Recorded data: Begin
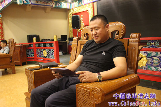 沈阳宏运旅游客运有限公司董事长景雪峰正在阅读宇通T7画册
Recorded data: End
Recorded data: Begin
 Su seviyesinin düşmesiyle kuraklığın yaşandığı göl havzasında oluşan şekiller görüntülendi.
Recorded data: End
Recorded data: Begin
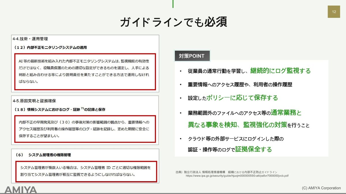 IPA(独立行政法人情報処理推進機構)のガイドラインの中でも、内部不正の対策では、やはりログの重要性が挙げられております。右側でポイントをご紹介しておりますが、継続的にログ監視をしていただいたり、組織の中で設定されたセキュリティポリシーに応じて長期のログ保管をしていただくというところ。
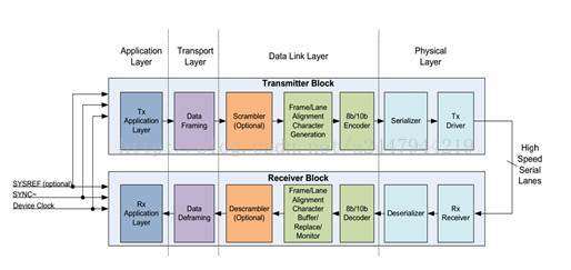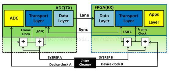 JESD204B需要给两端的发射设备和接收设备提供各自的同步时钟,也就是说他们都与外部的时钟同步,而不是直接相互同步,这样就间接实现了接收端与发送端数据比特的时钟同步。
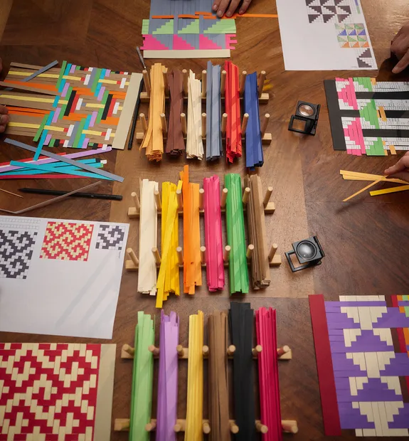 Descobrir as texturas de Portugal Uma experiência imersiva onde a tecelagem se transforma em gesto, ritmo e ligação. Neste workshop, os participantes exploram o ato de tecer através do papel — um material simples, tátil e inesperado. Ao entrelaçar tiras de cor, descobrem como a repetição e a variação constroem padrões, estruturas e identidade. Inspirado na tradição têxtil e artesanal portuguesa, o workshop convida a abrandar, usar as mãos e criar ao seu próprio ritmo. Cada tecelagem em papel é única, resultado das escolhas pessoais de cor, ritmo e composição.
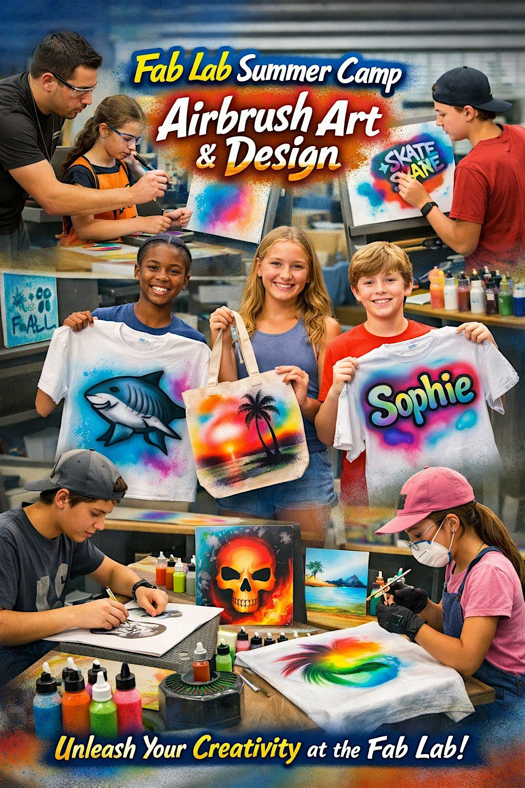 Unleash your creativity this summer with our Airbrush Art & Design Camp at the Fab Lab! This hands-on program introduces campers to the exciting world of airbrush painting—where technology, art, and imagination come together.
Recorded data: End
_Problem to work on:_
Output exactly the lines above that lie between the line with "Descobrir as texturas" and the line with "Unleash your creativity", those two lines included, and no pictures.

_Written solution:_
 Descobrir as texturas de Portugal Uma experiência imersiva onde a tecelagem se transforma em gesto, ritmo e ligação. Neste workshop, os participantes exploram o ato de tecer através do papel — um material simples, tátil e inesperado. Ao entrelaçar tiras de cor, descobrem como a repetição e a variação constroem padrões, estruturas e identidade. Inspirado na tradição têxtil e artesanal portuguesa, o workshop convida a abrandar, usar as mãos e criar ao seu próprio ritmo. Cada tecelagem em papel é única, resultado das escolhas pessoais de cor, ritmo e composição.
 Unleash your creativity this summer with our Airbrush Art & Design Camp at the Fab Lab! This hands-on program introduces campers to the exciting world of airbrush painting—where technology, art, and imagination come together.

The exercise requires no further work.